SB explained the current situation in Germany with brief descriptions of the activities, primarily as part of the Verbmobil project, at the universities of Hamburg, Bielefeld, Koblenz, Berlin, Magdeburg and Heidelberg. He suggested that standardisation is required but was keen to stress the need for more flexibility than would be permitted by a single reference architecture. He said that the architecture(s) should depend on the task: i.e. what does the system do; how does it do it; and is it for research or application? He suggested the need for a variety of reference architectures, although presumably a single but flexible architecture which allowed for the variety of system types could also serve the purpose.
DS and CM explained the purpose of the RAGS project, explaining that it is based on application-oriented systems. They explained that the architecture developed would be:
EH then moved on to describe how the feeling within the speech community (and perhaps more importantly, in DARPA) is that the speech recognition problem has been solved and they now need to move onto dialog systems. To do this, they need to do NLG, but have found that there is no standardisation. DARPA wants standards, and EH's (persuasive) argument is that if the NLG community doesn't come up with the kind of thing DARPA wants then it will get someone else to do it. He outlined a four stage process to the development of standards: (1) I/O standards for realisation, text planning and sentence planning and data models; (2) Adapt existing systems; (3) Create benchmark tests; (4) Identify major bottlenecks.
RD had a somewhat different perspective on the matter, stressing the fact that the field in its broader sense has psycholinguistic and theoretical linguistic considerations as well as engineering ones. He also stressed that he was interested in ``reuse'' rather than ``standardisation''. The two things are clearly related -- it is impossible to have reuse without standardisation, but his point was that he preferred to emphasise the development of standards only as a means of introducing reusability of resources, not as a goal in itself.
When the discussion was opened up, Owen Rambow asked what was meant by standardisation and what it was for. DS and CM replied stressing that in their (and the RAGS project's) view it was to facilitate the development of applications and that it was not intended to be prescriptive. RD again stressed the distinction between standards and reuse. David McDonald suggested that it might be possible to have a Penman/FUF type component higher up (i.e. at an earlier stage) although possibly only for certain narrowly defined components, e.g. pronoun choice.
Robert Rubinoff was concerned that RAGS would give a biased picture of the NLG field, concentrating as it does only on fully implemented applied systems. DS reassured him that it was simply a way of making the problem a more managable one. CM pointed out that no architecture could be expected to cover all of NLG.
RD questioned whether there were indeed comparable architectures for NLU. Johanna Moore pointed out some less than auspicious examples of community think again.
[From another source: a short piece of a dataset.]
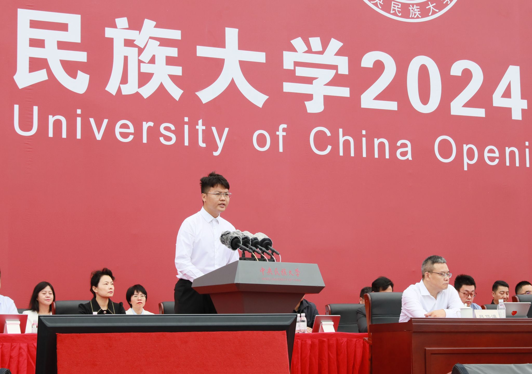 查显友首先代表学校向来自全国各地和全球34个国家和地区的全体新生表示热烈欢迎,并向辛勤培育他们的父母和老师表示衷心感谢。他在回顾学校70余年光辉历程中指出,中央民大是中国共产党创办民族高等教育的成功典范,是服务党和国家民族工作和民族理论政策创新的学术重镇,是党和国家宣传展示中华民族大团结的模范窗口,是铸牢中华民族共同体意识的重要阵地,是为党和国家培养各民族优秀人才的红色摇篮。

She mentioned the Penn Treebank, which ``no-one likes, but everyone uses, because it's there'' and SEMEVAL which caused such big fights some peole involved still don't talk to each other. Added to this, she pointed out that in NLU at least the input to the system is known in advance!
RD also suggested that ``theory-laden'' approaches dictate the architecture, so the possible aims of working within a standardised architecture and implementing a theory might be in conflict.
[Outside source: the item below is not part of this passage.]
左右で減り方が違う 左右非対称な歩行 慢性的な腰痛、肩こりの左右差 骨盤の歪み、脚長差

Christian Matthiesson suggested that we have had an architecture for two decades, i.e. Penman, with the stratification of ``meta-language'' and ``language''.
Mike Reape pointed out that NLG, unlike other areas of NLP, such as NLU, was not a coherent field, and as such was less amenable to a reference architecture than, say, NLU. Stephan agreed, but put a more positive face on it, stating that we need to bring our ideas together.
Finally, Jon Oberlander returned to the idea of a broader field encompassing psycholinguistics. As he pointed out, the most complete general-purpose NLG systems are ourselves. In order to improve on our system development, he suggested, we need to do more research on how humans perform the task.
The discussion session was disappointing from the RAGS perspective. It did, however, raise general issues of standardisation within NLG. It was clear from the discussion that there is not a clear consensus on whether it is even possible, let alone how it should be done. However, I think it is fair to say that the majority of people there were happy with the idea of a non-prescriptive, consensus-based architecture which would allow the reusability of resources, and the development of datasets as resources. There is the potential for a split within the community along applied/theoretical lines, with RD, Jon Oberlander and others being in favour of more psycholinguistic research and modelling, which lends itself much less easily to standardisation. Where the aim is the development of practical applied systems, however, the need for standardisation and reusable resources seems to be broadly welcomed. The potential for DARPA funding for such work in the US, together with the European move already underway (with RAGS in the UK, and Verbmobil in Germany) seems to make it inevitable that the development of such standards will be talked about much more in the coming months and years.